Онлайн-Книжки » Книги » 📜 Историческая проза » Камень и боль - Карел Шульц

Читать книгу "Камень и боль - Карел Шульц"

162
0

Шрифт:

-
+

Интервал:

-
+

Закладка:

Сделать
1 ... 3 4 5 ... 185
Перейти на страницу:

Мой дорогой Пьер Риарио… Я так любил его, что до сих пор как подумаю о нем, так сжимается сердце… Красивый юноша, молодой, статный, прекраснейший листок на древе делла Ровере, этом вечнозеленом дубе… Да, признаю, я этого хотел. Я договорился о военной помощи верного Галеаццо Мария, который должен был получить за это ломбардскую корону… да, войска его должны были неожиданно окружить Рим, все эти враждебные римские бароны и патриции должны были быть разоруженными, и я должен был отказаться от тиары в пользу своего юного племянника, моего дорогого Пьера… Какой это был гигантский замысел! Моего дорогого племянника — папой. Моего дорогого Джироламо, которого все считают моим сыном, — светским властителем… все, всю Италию соединить в духовном и светском отношении под одним жезлом, под властью одной крови, под владычеством делла Ровере…

Все шло прекрасно. И кардинал Пьер уже отрекся от своего распутного двора, ограничил свои юные кутежи, перестал так легкомысленно отзываться о святых истинах нашей веры, отпустил своих любовниц, стал готовиться к папству…

Тяжко вспомнить, я никогда не постигну этого. Никто не знал о нашем замысле, кроме нас троих да бога. И вдруг все рухнуло. Моего Пьера отравили венецианцы, а верного Галеаццо Мария убили миланские катилиновцы… Внезапно, все внезапно. Непостижимо. Знал только бог да мы трое.

Милан! Он должен был стать средоточием всей Ломбардии, а теперь там правит Галеаццев враг — Лодовико Сфорца, которого за смуглое лицо и черную душу называют Моро, — этакий пес арапский, держит в тюрьме Галеаццева сынка и грозит французский помощью. Конечно, получится новая война, опять война. Господи, я уже старик, а до сих пор мне не удался ни один из моих замыслов! А Лоренцо Медичи все удается!

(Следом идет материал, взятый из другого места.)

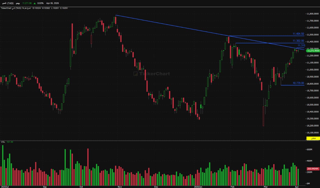 أغلق مؤشر تاسي عند مستوى 11,271 نقطة، مسجلًا ارتفاعًا طفيفًا بنسبة 0.03%، وسط تداولات بلغت قيمتها نحو 4.27 مليار ريال.
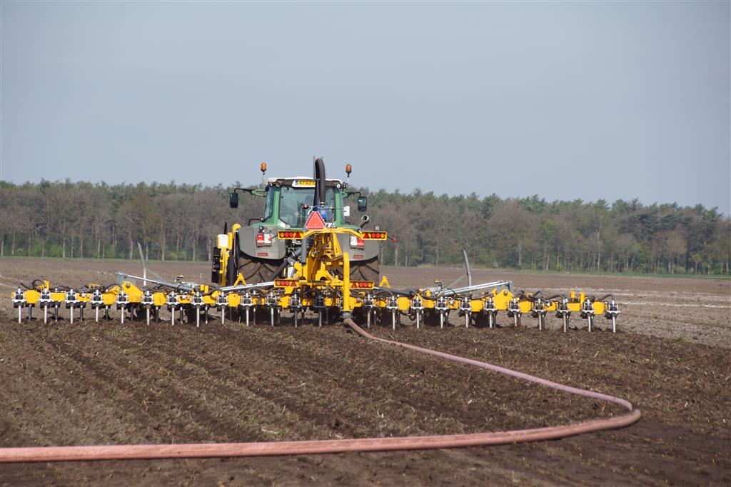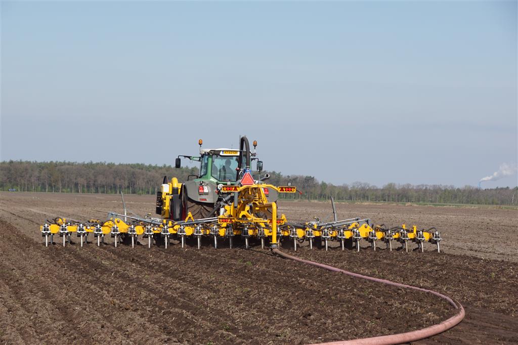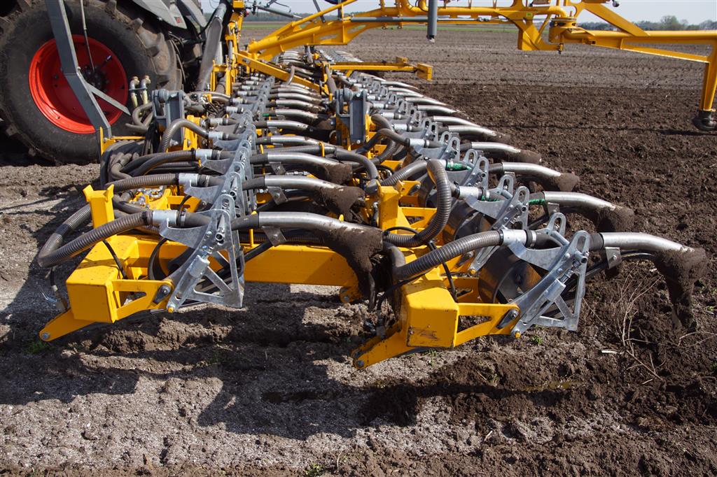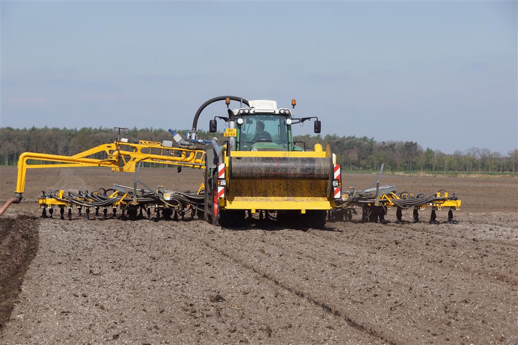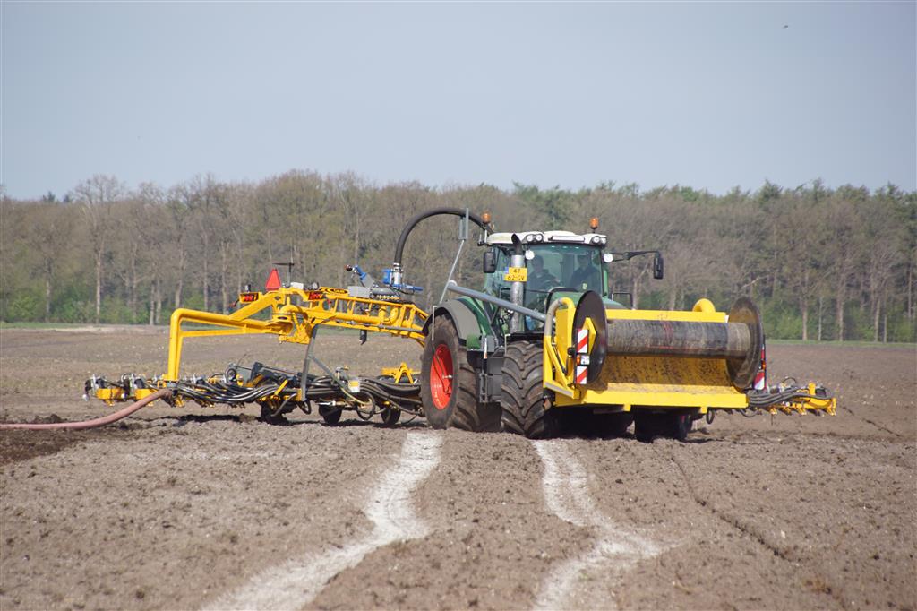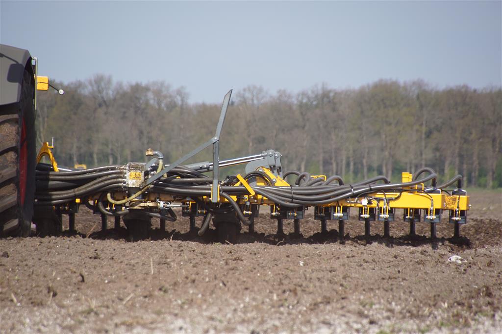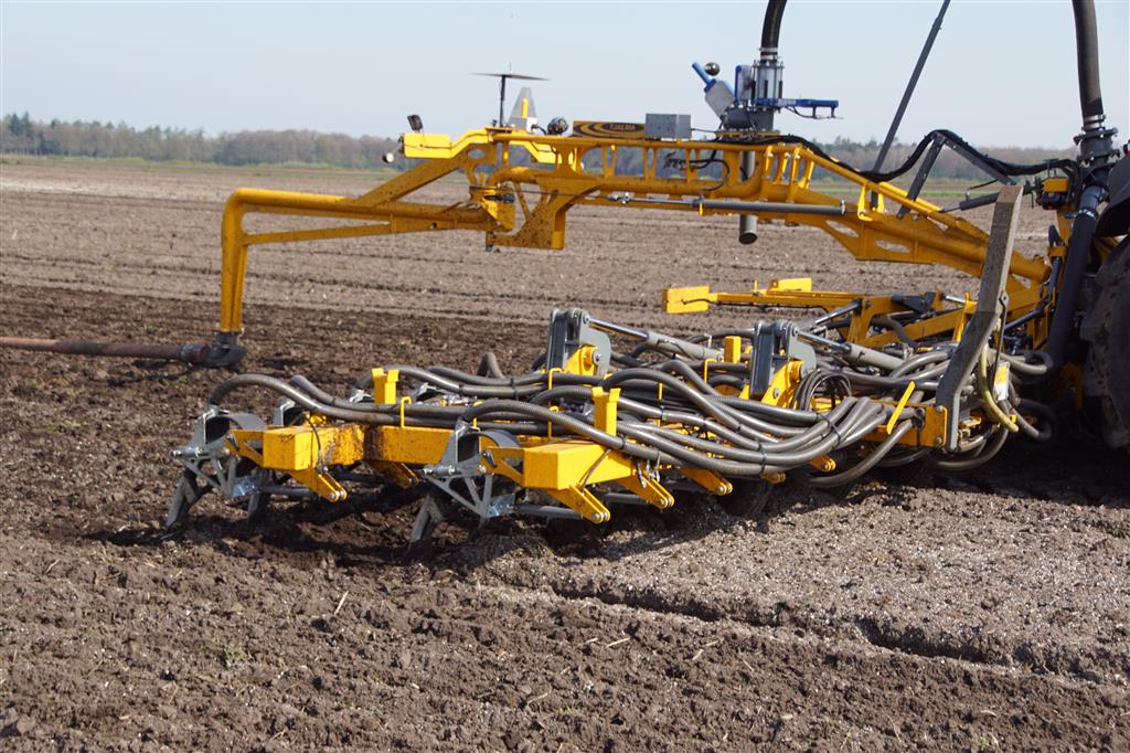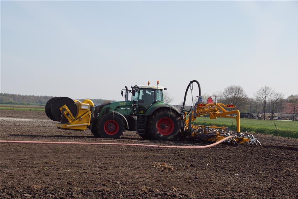 De Tjalma Hydrodisc Sleepslang Bouwlandbemester met maar liefst een breedte van 12,25m. Deze nieuwe machine is compleet ontwikkeld en geproduceerd in Groningen, door de firma S Tjalma BV. Met deze combinatie kan bouwland bemest worden doormiddel van een sleepslangsysteem. Deze bemester is voorzien van GPS met sectie afsluiting, voetafsluiters en diepteregeling. Deze machine draait bij loonbedrijf Jansen in Tiendeveen.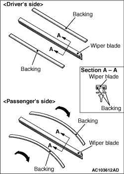caution For good windshield wiper wiping performance, use a driver’s side windshield wiper without curve in the backings of the wiper blade. The windshield wiper on the passenger’s side should be a wiper blade with curved backings.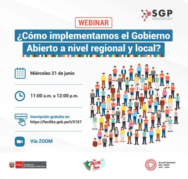 Participa de este Webinar a realizarse a través de la plataforma Zoom este miércoles 21 de junio a las 11:00 am. Al respecto se explorarán los mecanismos de implementación de los principios de Gobierno Abierto a nivel regional y local. Para ello se contará con la intervención de expertos en la temática. Para inscribirse, por... Leer más →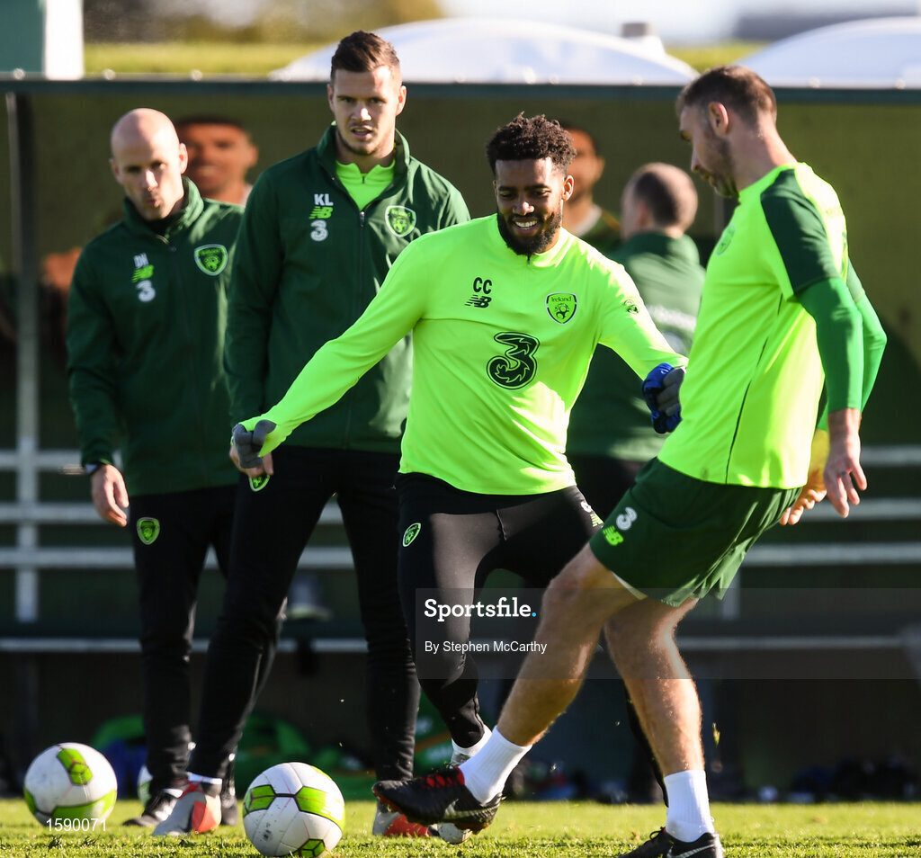 15 October 2018; Cyrus Christie, centre, during a Republic of Ireland training session at the FAI National Training Centre in Abbotstown, Dublin. Photo by Stephen McCarthy/Sportsfile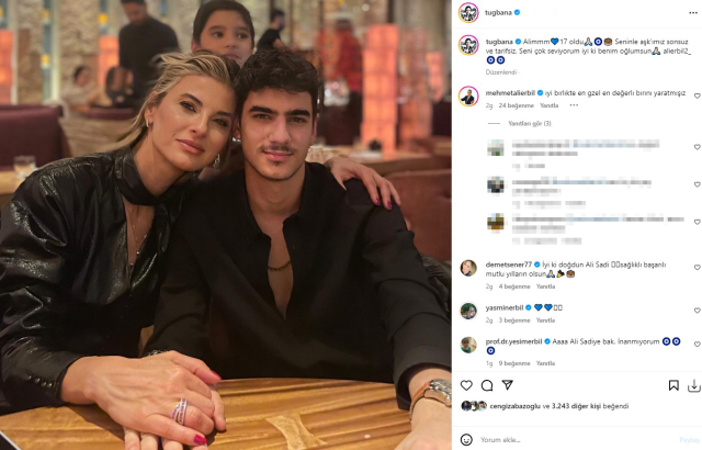 Mehmet Ali Erbil ‘in ve Tuğba Coşkun’un oğlları Ali Sadi 17 yaşına girdi. Tuğba Coşkun oğlu Ali Sadi’nin doğum günü için bir doğum günü mesajı yayınladı. Tuğba Coşkun’un, "Ali'm 17 oldu. Seninle aşkımız sonsuz ve tarifsiz. Seni çok seviyorum iyi ki benim oğlumsun" şeklindeki instagram paylaşımına yorumlar ardı ardına gelmeye başladı. Pek çok takipçileri ve ünlüler de bu paylaşıma duyarsız kalmadı ve yorum yağdırdı. Bu yorumlardan biri de 2005 ile 2011 yılları arasında evli olan ünlü şovmen Mehmet Ali Erbil’den geldi. Müzmin hastalığı ile gündemden düşmeyen ünlü sunucu M. Ali Erbil “İyi ki birlikte en güzel, en değerli birini yaratmışız “ şeklinde Tuğba Coşkun’un sosyal medya paylaşımına yorum yaptı.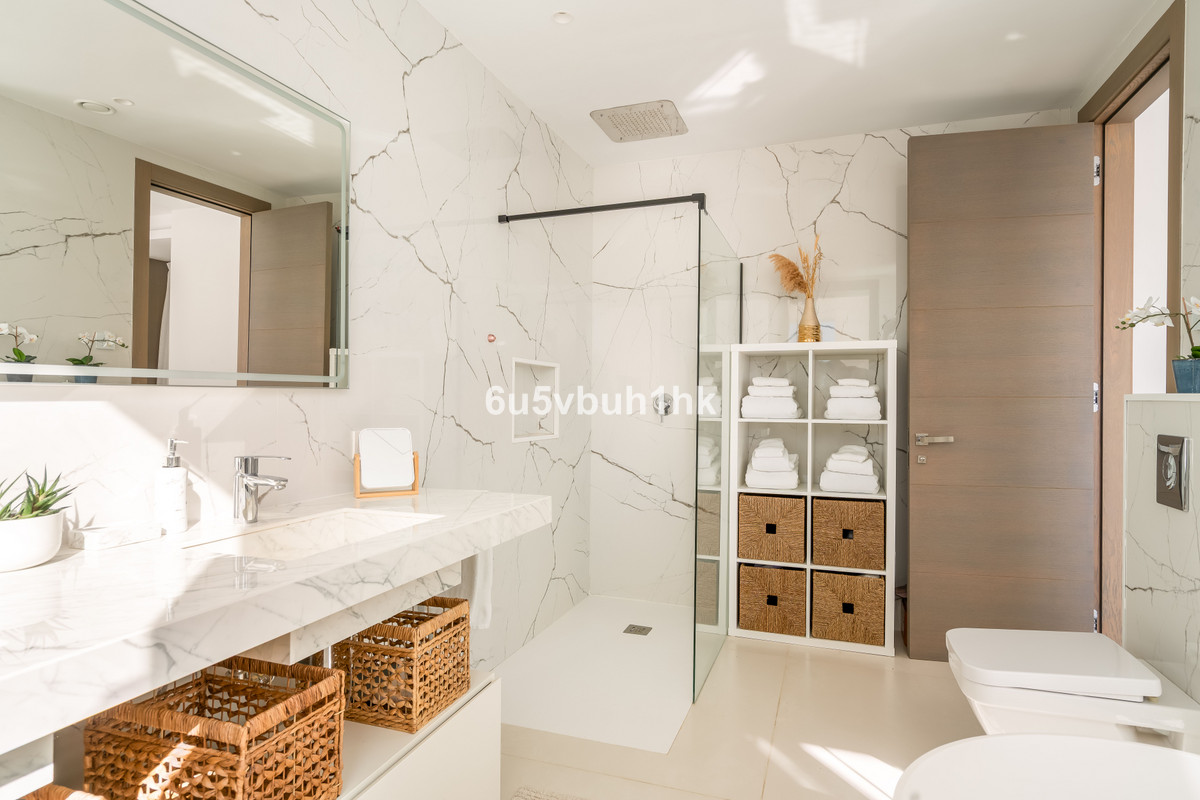 Ovanpå hittar du två eleganta sovrumssuiten, inklusive en spektakulär mastersvit med lyxigt badrum en suite, generösa ytor och egen privat terrass. Våningen erbjuder också en wrap-around-terrass med panoramavy över havet – det perfekta stället att njuta av Marbellas gyllene soluppgångar.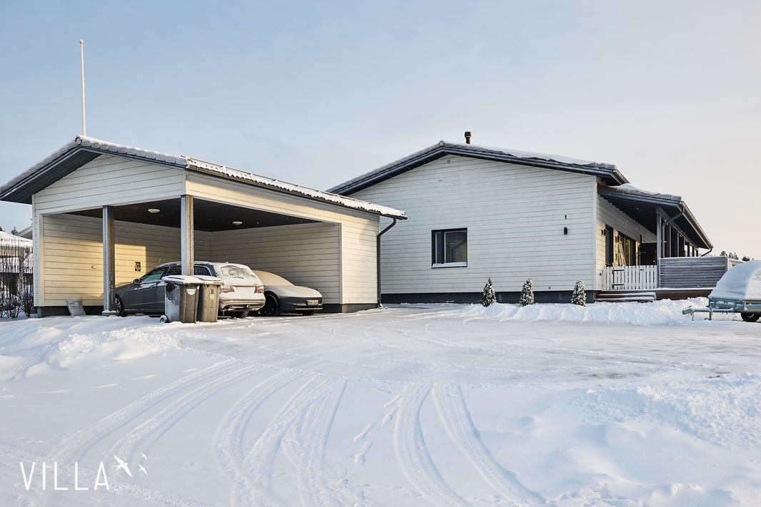 Reilunkokoinen, suojaisa terassi ja helppohoitoinen piha tarjoavat mukavaa lisätilaa oleskeluun. Asfaltoidulta etupihalta löytyvät autokatospaikka, pihapaikka sekä varasto. Talo sijaitsee hieman tien tasoa korkeammalla, minkä ansiosta pihasta ja oleskelutilojen ikkunoista avautuu rauhallinen, puistomainen näkymä.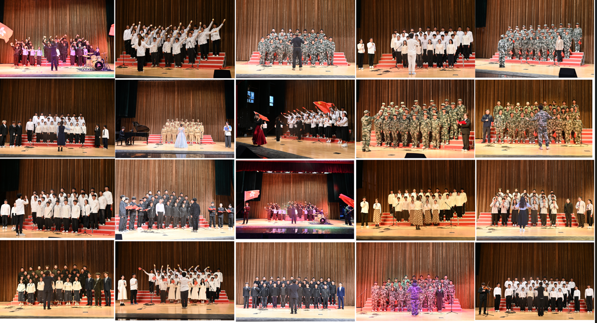 比赛现场,气氛热烈而庄重,各参赛班级精神饱满、服装整齐,以昂扬的姿态依次登场。一首首经典歌曲接连唱响,同学们用嘹亮的歌声和富有创意的编排,将对祖国的热爱融入每一句歌词、每一段旋律,精彩的表演赢得了现场阵阵掌声。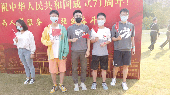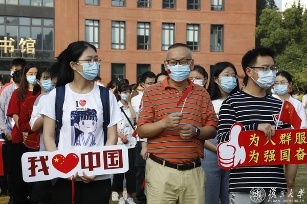 复旦上医师生员工们早早前来,手持对祖国的告白标语,为祖国母亲献上最诚挚的祝福。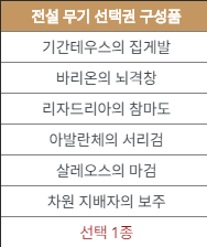 다음은 전설 무기 선택권 구성품 입니다.
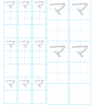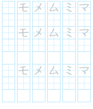 小学1年生五十音 カタカナ書き取りカタカナ【マ行】の なぞり書き練習です。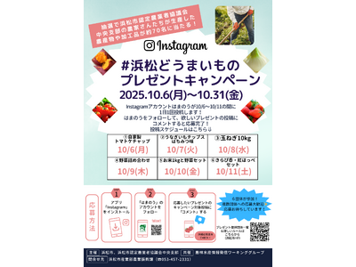「浜松市」が運営するインスタグラムアカウント"はまのう"と、当課が事務局を務める「浜松市認定農業者協議会中央支部」が共同で、浜松の農産物等が当たるプレゼントキャンペーンを実施いたします。 抽選...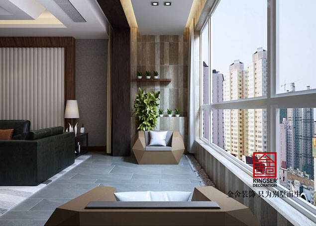 東南智匯城132平米裝修-中式風(fēng)格-陽臺(tái)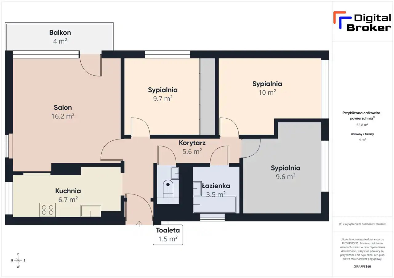 - Charakterystyka mieszkania 62.8 m2, 4 pokoje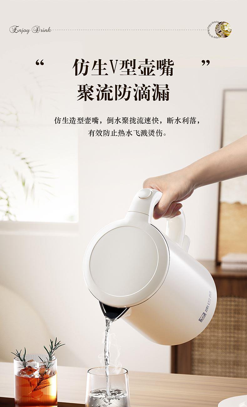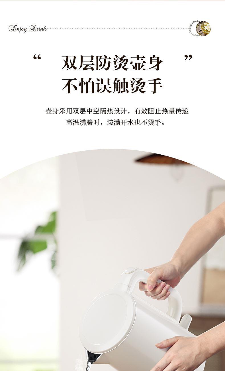 ◎雙層隔熱壺身,貼心防燙,安心使用。外殼與內(nèi)膽間形成中空隔熱層,壺內(nèi)水沸騰,壺外不燙手;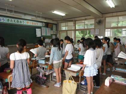 5年生は、「竹取物語」「枕草子」「平家物語」を、しっかりと口を開けて、テンポ

Сикст крепко сжал руки и притиснул их к груди. Опять эта резкая, рвущая боль в сердце. Папское сердце грызла болезнь. Прозвонили к "Ангелюс Домини". Он не слышал.

Куда ни шагнешь, наткнешься на Медичи. К дворам других государей он отправляет послами одних только поэтов, музыкантов, художников… и тем не менее я всюду натыкаюсь на такую густую сеть соглашений, которой даже мечу моего дорогого Джироламо не разрубить. Всюду выставляет против меня своих людей. Какой-нибудь ничтожный кондотьер, с которым давно бы можно было поладить за вознаграждение из папской казны, теперь артачится. А Медичи, будто даже не замечая меня, слагает себе свои лирические строфы, спорит с платониками, собирает статуи, камеи, основывает библиотеки и академии, в то время как орудия, поджигаемые его рукой, грохочут против войск моего Джироламо в Романье, под Форли, под Иммолой…

А теперь пришел ко мне флорентиец, честный человек, верный Пацци, достойный Пацци, добрый Франческо Пацци и предложил имущество и жизнь своего рода. Я колебался. Ты ведаешь, господи, что я колебался, целый год колебался. Но вижу, что добром от Лоренцо мне не избавиться. Страшная, пожирающая ненависть рода Пацци к роду Медичи все равно рано или поздно вылилась бы в убийство. Эти Пацци умеют дьявольски ненавидеть. Говоря мне о Джулиано и Лоренцо Медичи, добрый Франческо Пацци задыхался от злобы, и горячие, воспаленные глаза его горели таким огнем, что ему, наверно, все представлялось в красном свете. И речи его были такие странные… Нет, он ничего от меня не скрывал, каждая фраза выдавала мучительную, иссушающую жажду… его движения были резкие, внезапные, непредвиденные. При некоторых словах, казалось, он вот-вот прыгнет вперед, быстрые дрожащие пальцы его все время что-нибудь теребили — воротник, полу кафтана, пряжку на шляпе. Да, я благословил его. Ненависть, которая на грешном пути повела бы ко многим несчастьям, я направил на пользу церкви. Семейство Пацци во Флоренции! Вот, это Медичи за то, что он никогда не вешал на окнах Синьории. Поделом ему. Решено. Ты знаешь, господи, что я целый год колебался. Но Франческо Пацци приходил чуть не каждый день, и письма, которые мой дорогой Джироламо слал мне из Иммолы, все время побуждали, подталкивали, торопили, заклинали. И я собрал все силы свои и раз навсегда разрубил узел несчастий. Не стану больше терпеть вечную помеху. Надо очистить дорогу от подрывателей, от насмешливого высокомерия, все мертвые нашего рода идут со мной. Мой дорогой Пьер! Он всегда советовал мне выжечь это флорентийское змеиное гнездо, и теперь я следую его советам. Вся власть дана мне богом и людьми на то, чтоб я правил, а не на то, чтоб договаривался и просил.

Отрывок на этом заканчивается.